The C standard requires an implementation to support 4 types for a bit
field: _Bool, int, signed int, and unsigned int. Use 'signed int' if
you wish the bit field to be signed, and 'unsigned int' if you with the
bit field to be unsigned. It's implementation-defined whether a plain
'int' bitfield is signed or unsigned (in conflict with the usage of
'int' in ordinary declarations). Therefore, you should use plain 'int'
in portable code only if you don't care whether it's signed or
unsigned. In my experience, its pretty rare to define a bitfield and
NOT care about whether its signed or unsigned.

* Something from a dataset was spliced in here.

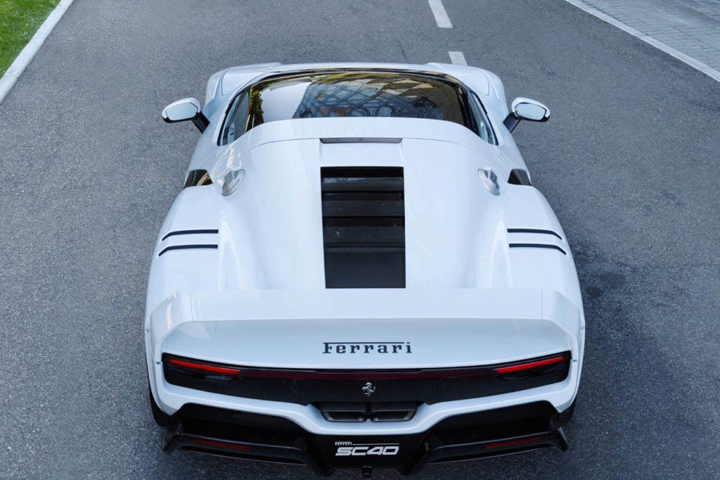 プロポーションは、長く低いノーズと短いリアオーバーハングでバランスを取る。特徴的なのは、専用色「SC40ホワイト」で塗装された固定式のハイリアウイングだ。ウイングはボディ側面から流れ、エンジンカバーから垂直に立ち上がりシームレスに一体化する。黒いセパレーションラインがその一体感を際立たせ、ブラック仕上げのリアフェイシアを強調。リアはオープンメッシュで構成され、メカニカルなコンポーネントが覗く。V6エンジンはスモーク仕上げのLexan製ルーバーを通してアピールされ、下部エアインテークへと視覚的につながる。ホイールアーチ付近のリアフェンダーにも小型ルーバーが配される。リアセクションは、アディティブ・マニュファクチャリング製のセンターエキゾーストで完成される。チップはチタンとカーボンファイバー製である。テールランプはベースの296 GTBを明確に想起させる。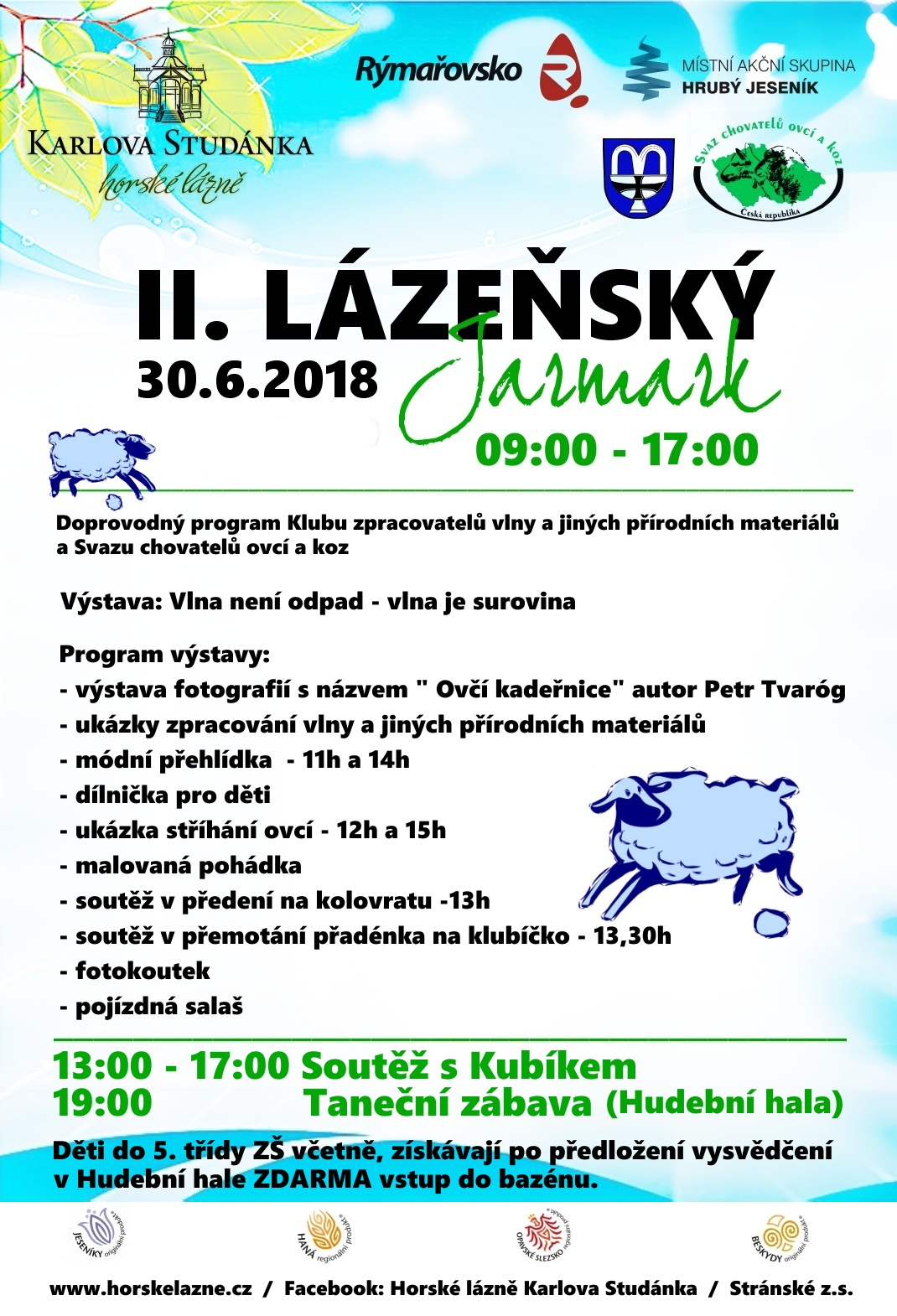 Horské lázně Karlova Studánka Vás srdečně zvou na již druhý Lázeňský jarmark. Je pro Vás připraven zajímavý doprovodný program zaměřený na zpracování ovčí vlny a jiných přírodních materiálů. Pro školáky máme připravený velmi milý bonus - školáci do 5. třídy ZŠ, kteří přinesou svá vysvědčení, získávají ZDARMA vstup do bazénu.

An implementation is allowed to accept additional types for bitfields;
code that's intended to be portable should not take advantage of this
option.
> Does the base type
> specify the minimum storage for a bitfield?
Actually, the base type determines the maximum number of bits in the
bit-field width. It has no standard-imposed effect on size of the
storage unit the bitfield is allocated from.

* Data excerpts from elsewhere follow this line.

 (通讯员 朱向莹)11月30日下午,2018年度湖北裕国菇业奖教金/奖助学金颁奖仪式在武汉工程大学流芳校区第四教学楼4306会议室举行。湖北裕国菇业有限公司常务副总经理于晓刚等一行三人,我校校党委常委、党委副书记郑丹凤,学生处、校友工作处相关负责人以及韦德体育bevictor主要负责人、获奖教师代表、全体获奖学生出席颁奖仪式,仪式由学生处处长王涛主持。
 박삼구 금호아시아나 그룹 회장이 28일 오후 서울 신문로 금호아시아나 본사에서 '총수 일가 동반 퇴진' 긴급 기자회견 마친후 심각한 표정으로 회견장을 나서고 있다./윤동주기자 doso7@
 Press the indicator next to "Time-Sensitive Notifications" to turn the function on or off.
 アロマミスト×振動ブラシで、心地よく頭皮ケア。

> For example "unsigned int
> a:1", might it require at least sizeof(unsigned int) bytes for this
> field?
The bitfield 'a' is only allowed to take up 1 bit of memory. The size
of the storage unit that bit is allocated from is up to the
implentation. Adjacent bitfields that can also fit into that storage
unit are required to be allocated from it.
The offset of every member of a struct, from the beginning of the
struct, is a contant for that member. Since you can create a correctly
aligned pointer to any non-bitfield member, then for every non-bitfield
member, the alignment requirements of the struct must be a multiple of
the alignment requirement for that member's data type. The smallest
possible alignment requirement for a struct is therefore the least
common multiple (LCM) of the alignment requirements for it's member
types. However, an implementation is allowed to impose stricter
requirements on a struct's alignment than the minimum.
Best regards,
Neal
struct subst
{
struct regex *regx;
struct replacement *replacement;
countT numb;
struct output *outf;
unsigned int global:1;
unsigned int print:2;
unsigned int eval:1;
unsigned int max_id:4;
} cmd;
... = 1 << cmd.eval;
So cmd.eval shoud be promoted to "unsigned int 1" right? If we declare
it as signed int eval:1 then the promoted integer value should be
XFFFFFFFF. Do I understand this correct?
Thanks a lot.
SuperKoko wrote:
> neal wrote:
> The aim is to give control to the programmer on the "underlying type"
> used (note that we get outside the scope of the C standard and enter in
> the world of GCC-specific things).
> When you fetch or store something in a bitfield, with most CPU on earth
> (including X86-64) there is no dedicated CPU instruction.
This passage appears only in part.